Exercise data:
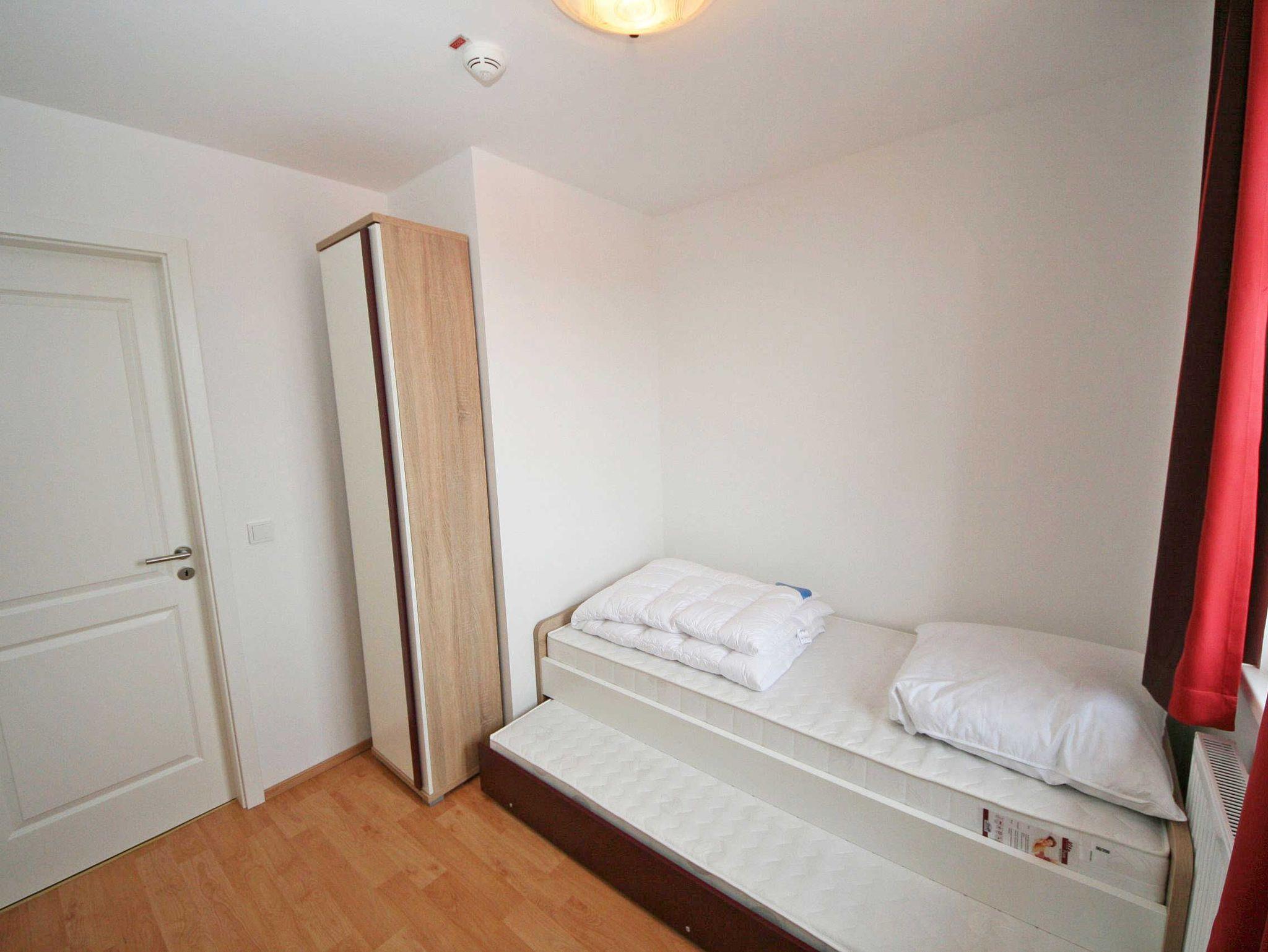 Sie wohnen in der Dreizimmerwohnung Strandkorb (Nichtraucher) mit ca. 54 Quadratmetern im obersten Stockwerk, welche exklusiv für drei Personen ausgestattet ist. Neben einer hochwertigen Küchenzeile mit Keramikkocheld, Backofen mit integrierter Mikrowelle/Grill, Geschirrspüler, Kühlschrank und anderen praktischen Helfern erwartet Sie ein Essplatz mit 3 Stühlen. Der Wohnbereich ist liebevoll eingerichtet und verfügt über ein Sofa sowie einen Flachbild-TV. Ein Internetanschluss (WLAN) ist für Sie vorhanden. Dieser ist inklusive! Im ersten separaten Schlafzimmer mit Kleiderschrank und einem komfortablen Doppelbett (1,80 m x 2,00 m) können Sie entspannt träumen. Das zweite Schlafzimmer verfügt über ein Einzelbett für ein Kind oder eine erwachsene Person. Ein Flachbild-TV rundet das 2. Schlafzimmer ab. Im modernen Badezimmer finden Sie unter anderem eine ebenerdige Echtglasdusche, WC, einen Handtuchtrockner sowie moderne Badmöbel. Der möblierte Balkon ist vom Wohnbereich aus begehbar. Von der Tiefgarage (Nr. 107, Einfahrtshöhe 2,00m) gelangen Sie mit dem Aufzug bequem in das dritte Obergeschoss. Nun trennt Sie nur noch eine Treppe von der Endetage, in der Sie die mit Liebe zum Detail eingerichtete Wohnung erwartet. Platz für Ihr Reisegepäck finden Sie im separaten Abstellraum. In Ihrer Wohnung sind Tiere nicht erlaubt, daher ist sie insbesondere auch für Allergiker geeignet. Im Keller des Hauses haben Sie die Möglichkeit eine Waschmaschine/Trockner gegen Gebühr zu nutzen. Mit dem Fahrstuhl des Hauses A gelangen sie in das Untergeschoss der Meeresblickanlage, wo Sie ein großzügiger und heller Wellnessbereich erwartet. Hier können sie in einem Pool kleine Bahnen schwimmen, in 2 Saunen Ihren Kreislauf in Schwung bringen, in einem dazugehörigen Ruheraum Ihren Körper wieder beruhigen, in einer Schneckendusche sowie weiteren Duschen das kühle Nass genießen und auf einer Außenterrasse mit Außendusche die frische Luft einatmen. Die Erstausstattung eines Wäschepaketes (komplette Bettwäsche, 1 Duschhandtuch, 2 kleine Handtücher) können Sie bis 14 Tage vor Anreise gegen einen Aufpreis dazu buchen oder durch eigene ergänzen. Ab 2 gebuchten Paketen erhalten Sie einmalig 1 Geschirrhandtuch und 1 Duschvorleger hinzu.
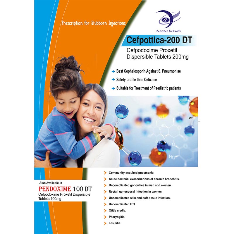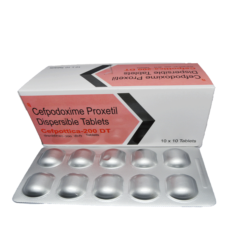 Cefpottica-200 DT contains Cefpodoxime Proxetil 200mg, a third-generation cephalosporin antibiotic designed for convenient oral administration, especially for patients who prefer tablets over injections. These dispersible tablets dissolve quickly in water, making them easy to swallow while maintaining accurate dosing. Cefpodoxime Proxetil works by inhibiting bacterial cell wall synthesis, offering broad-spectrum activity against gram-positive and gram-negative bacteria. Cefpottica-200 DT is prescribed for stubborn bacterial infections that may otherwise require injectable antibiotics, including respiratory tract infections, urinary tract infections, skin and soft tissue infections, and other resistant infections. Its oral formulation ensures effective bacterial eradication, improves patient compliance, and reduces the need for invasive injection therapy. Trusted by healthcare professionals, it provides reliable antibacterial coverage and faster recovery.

---

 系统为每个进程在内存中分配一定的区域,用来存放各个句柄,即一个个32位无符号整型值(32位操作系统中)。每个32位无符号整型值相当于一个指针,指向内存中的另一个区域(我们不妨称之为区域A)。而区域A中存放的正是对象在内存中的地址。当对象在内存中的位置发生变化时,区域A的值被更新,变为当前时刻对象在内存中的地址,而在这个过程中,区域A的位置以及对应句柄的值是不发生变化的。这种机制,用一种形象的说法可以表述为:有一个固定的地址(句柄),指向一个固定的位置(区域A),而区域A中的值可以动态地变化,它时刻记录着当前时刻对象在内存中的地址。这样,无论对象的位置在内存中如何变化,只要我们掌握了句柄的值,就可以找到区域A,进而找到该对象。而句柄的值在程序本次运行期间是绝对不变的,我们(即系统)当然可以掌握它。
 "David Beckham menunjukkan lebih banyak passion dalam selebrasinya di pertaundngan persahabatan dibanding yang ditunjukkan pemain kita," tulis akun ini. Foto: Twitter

Task objective: Out of the data above, set down the lines from the one with "系统为每个进程在内存中分配一" to the one with "ini. Foto: Twitter", both included, exactly as written and with no additions.

Answer to the exercise:
 系统为每个进程在内存中分配一定的区域,用来存放各个句柄,即一个个32位无符号整型值(32位操作系统中)。每个32位无符号整型值相当于一个指针,指向内存中的另一个区域(我们不妨称之为区域A)。而区域A中存放的正是对象在内存中的地址。当对象在内存中的位置发生变化时,区域A的值被更新,变为当前时刻对象在内存中的地址,而在这个过程中,区域A的位置以及对应句柄的值是不发生变化的。这种机制,用一种形象的说法可以表述为:有一个固定的地址(句柄),指向一个固定的位置(区域A),而区域A中的值可以动态地变化,它时刻记录着当前时刻对象在内存中的地址。这样,无论对象的位置在内存中如何变化,只要我们掌握了句柄的值,就可以找到区域A,进而找到该对象。而句柄的值在程序本次运行期间是绝对不变的,我们(即系统)当然可以掌握它。
 "David Beckham menunjukkan lebih banyak passion dalam selebrasinya di pertaundngan persahabatan dibanding yang ditunjukkan pemain kita," tulis akun ini. Foto: Twitter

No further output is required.